Zuckerman wants to create nutritional labels for news, showing how much marshmallow fluff you mix in with your meat and potatoes. But both the tech and politics of categorizing journalism have a long way to go.

By Andrew Phelps Nov. 8, 2011, 10 a.m.

Vending machine

When you walk into Ethan Zuckerman’s new office at the MIT Media Lab, past the all-seeing Mood Meter and a ping pong table that resembles a koi pond, there’s an old newspaper box on display. Inside, a glowing screen depicts the New York Times front page. A dial invites you to scroll through two decades of data.

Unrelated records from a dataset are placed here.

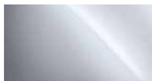
1L2 IRÍDIOVÁ SONIC
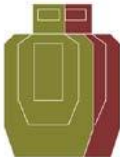
Рисунок А.5 – Образец мишени для скоростной прицельной стрельбы по мишеням «террорист» – «заложник»
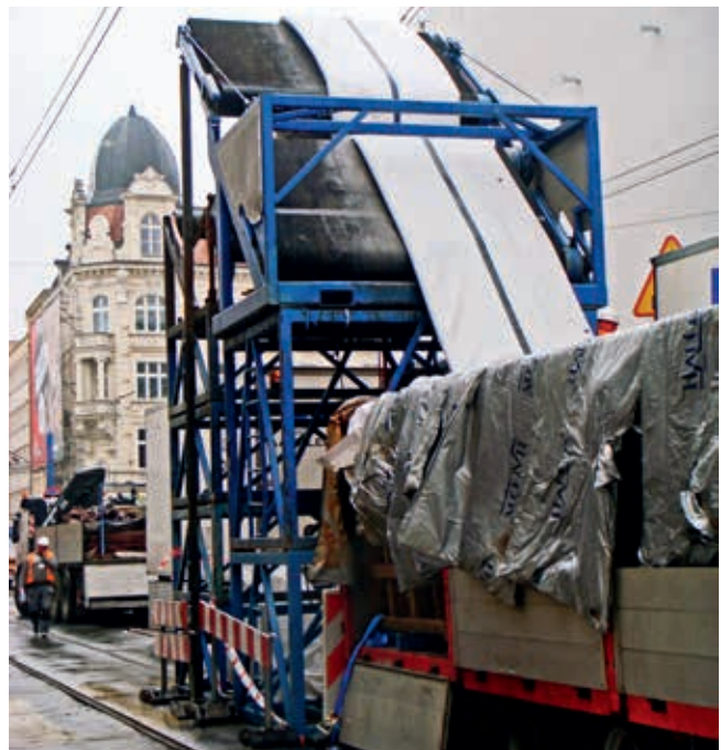
Realizacja ciągu głównego kanalizacji ogólnospławnej w ul. 3 Maja w Katowicach za pomocą rękawa

wpływem eksploatacji górniczej. Niepokojącym zjawiskiem jest fakt legitymowania się przez różnych producentów wymaganym dokumentem dla rur PE, natomiast produkty różnią się między sobą zdecydowanie już samym wyglądem. Celowe wydaje się wymaganie certyfikowania każdej partii produkcji.

Red and blue bars on the screen represent the share of domestic versus foreign news on Times front pages over the years. Except for spikes in the early ’90s and mid-2000s, foreign coverage has steadily dwindled since the late ’80s.

Zuckerman, who created Global Voices in 2004, is worried about the disappearance of international news in the United States. As he (and Eli Pariser and Alisa Miller) has argued, the Internet has not opened up a world of information from far-away places. It has given us more people and news sources that look like us. Too much.

U.C. San Diego scientists in 2009 estimated the “average” American consumes 34 gigabytes of media a day. (And I suspect most of the people reading Nieman Lab are above average.) Are we aware of all that we’re taking in? How varied, how nutritious is our media diet?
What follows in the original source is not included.